[Solicitor General and Acting U.S. Attorney General Henry M. Hoyt Officially Opines on Medical Issues of Immigration Law and an Immigration Case before the Supreme Court; with Additional Letter].
Of the law of illegal aliens and contagious diseases
Three letters, all incoming to Philadelphia attorney J. Whitaker Thompson, United States attorney. The bulk of the material is from Henry Martyn Hoyt, Jr. (1856–1910) who served as United States Solicitor General from 1903 to 1909.

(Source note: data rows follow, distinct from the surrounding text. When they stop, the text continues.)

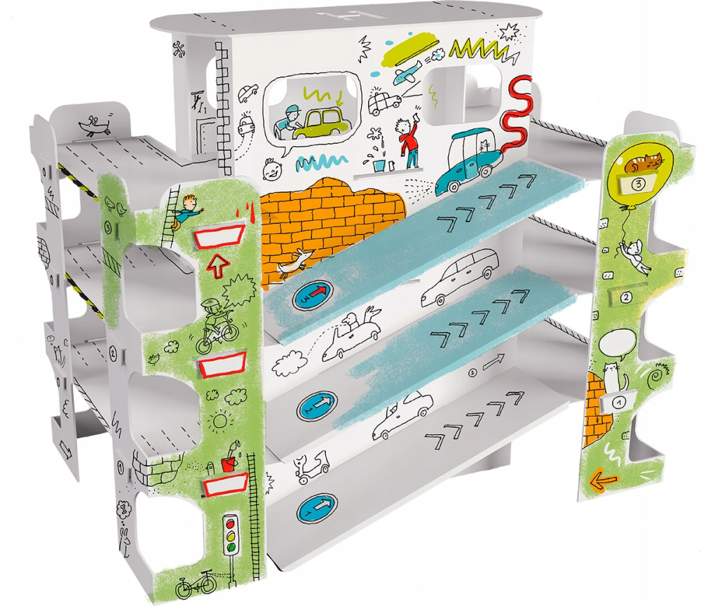 Bogate szczegóły i różnorodne elementy parkingu dają dzieciom wolną rękę w dekorowaniu i personalizowaniu ich małego miasta. Każdy parking może stać się unikatowym dziełem sztuki.
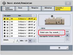 Si l'espace avancé est ouvert au public via SMB et que l'option [Utiliser SMB] sous [Préférences] (Réglages/Enregistrement) est réglée sur "Oui", les clients connectés à l'imprimante SMB sont également affichés et comptabilisés comme clients connectés. Pour plus d'informations sur le réglage de l'espace avancé à ouvrir au public via SMB ou WebDAV, voir "Réglages Espace avancé/Réseau".
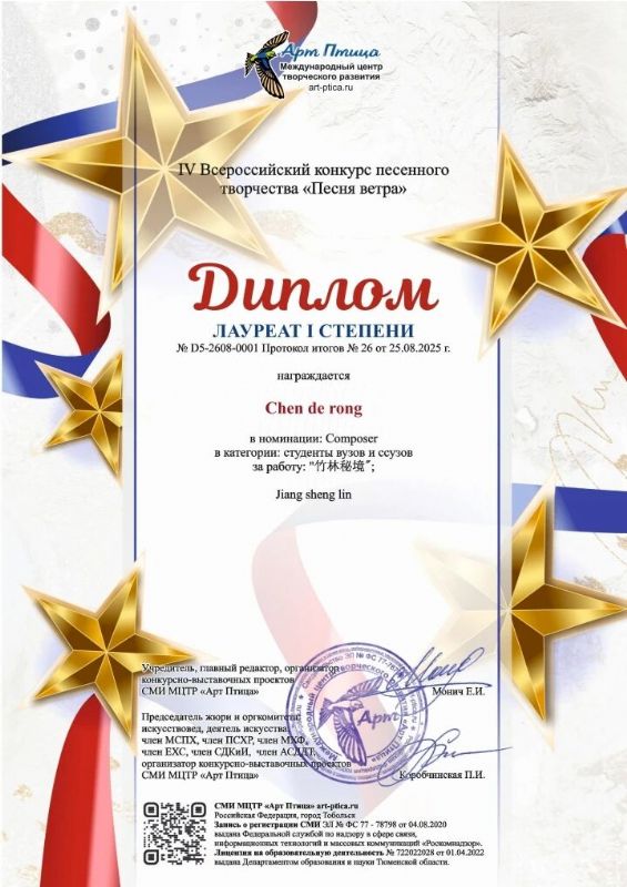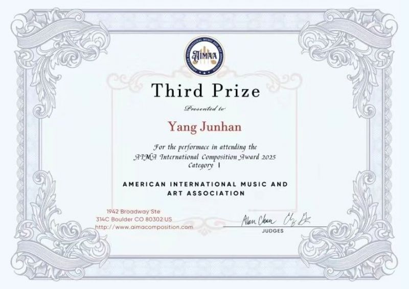 在2025年全俄原创作曲大赛中,作曲系2022级本科生杨珺涵创作的大型室内乐作品《Topological》荣获二等奖(第三届)(指导教师:王姝蕴)。 作曲系2022级本科生陈德荣创作的中西混合室内乐作品《竹林秘境》荣获一等奖(第四届)(指导教师:姜盛林)。在第三届AIMA国际作曲比赛中,作曲系2022级本科生杨珺涵创作的大型室内乐作品《Topological》荣获三等奖(指导教师:王姝蕴)。
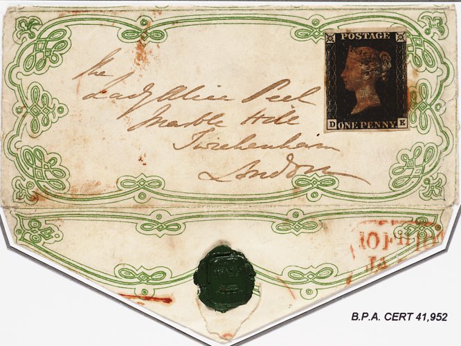129 c imageDE black (S.G. Spec. AS46) with large to clear margins, tied to prim 1841 (19 Jan.) green ladies envelope (matching wax seal of Lord Melbourne on reverse), from Douglas to The Lady Alice Peel (daughter of Sir Robert Peel, former Prime Minister from 1834 to 1835) in Twickenham (21.1), cancelled by Maltese Cross in red, origin and arrival d.s. on reverse, a very pretty cover; 1994 BPA certificate. (Image) Est. £2,000-3,000
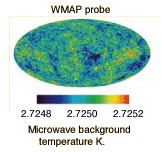 | The equivalent mass density of the relativistic particles, made up of electromagnetic energy and neutrinos, is assessed by WMAP to be Ωrel,0 = 8.24 x 10-5. This implies that in the comparison with mass, the mass is strongly dominant over radiation in the current era. At early times in the universe, radiation was dominant over both mass and dark energy. |
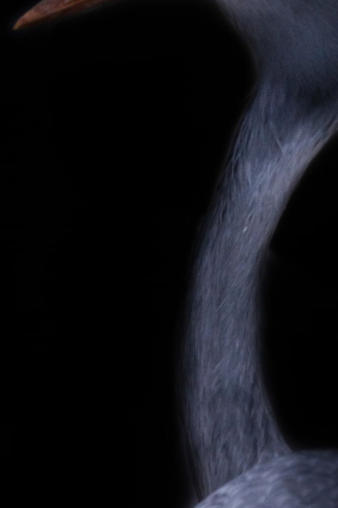 kraanvogel sierlijke vogel close-up, dunne lange nek, mooie kop op een wazige achtergrond de tweede vogel. Donkere, zwarte achtergrond
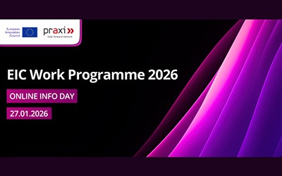 Το Δίκτυο ΠΡΑΞΗ, Εθνικό Σημείο Επαφής για το European Innovation Council (EIC), και ο Εκτελεστικός Οργανισμός για το Ευρωπαϊκό Συμβούλιο Καινοτομίας και τις ΜμΕ (EISMEA) σας προσκαλεί στη Διαδικτυακή Ημερίδα Ενημέρωσης για το Πρόγραμμα Εργασίας 2026, που θα πραγματοποιηθεί την Τρίτη 27 Ιανουαρίου 2026 (10.00πμ -12.30μμ ώρα Ελλάδος).

The best content is a 5-page letter focusing on legal issues concerning illegal aliens and contagious diseases. The letter concerns a legal appeal in the case of an alien, the ailing immigrant Hagop Cachigian. Solicitor General Hoyt, now Acting U.S. Attorney General, outlines the law on denial of admission to the United States on the ground of mental or physical disability, or, as in the present case, for having a contagious disease:
It is contended that the certificate of the examining surgeon should have stated that the disease could have been detected by competent medical examination at the time of embarkation. Such a proposition is not supported by the statute. It is true that section 9 of the act of March 3, 1903, supra, provides for a penalty by the steamship company for bringing aliens to this country afflicted with a dangerous contagious disease where it appears that such disease might have been discovered by competent medical examination at the time of embarkation, but this has no application to the requirements which must be met by the alien when seeking admission to the country. Ordinarily the only question as to him is, whether at the time of his application for admission he is afflicted with a dangerous contagious disease. ...it must be established by the alien that his disease was contracted on board ship…the right of the alien to land must further depend upon whether the disease is “easily curable,” and also whether the alien can be permitted to land “without danger to other persons.” (February 27, 1907, pp3–4)
The conclusion of the letter concerns Cachigian’s children, Hoyt making it clear that that question has already been determind by the U.S. Supreme Court in Charles Zartarian v. United States.
Another letter here, by a different Acting Attorney General, relate to a man, possibly a relative of Hagop Cachigian, who was ordered to be deported for an eye infection. The third letter, by Solicitor General Hoyt refers to “...the case of Taylor v. The United States, which case involves the construction of section 18 of the Immigration Act of 1903 now in the Supreme Court of the United States.”
Description: [Solicitor General and Acting U.S. Attorney General Henry M. Hoyt Officially Opines on Medical Issues of Immigration Law and an Immigration Case before the Supreme Court; with Additional Letter].
Department of Justice. Washington, D.C. 1906 to 1907. Three carbon letters, signed. , , pages, respectively. Foxing; else very good.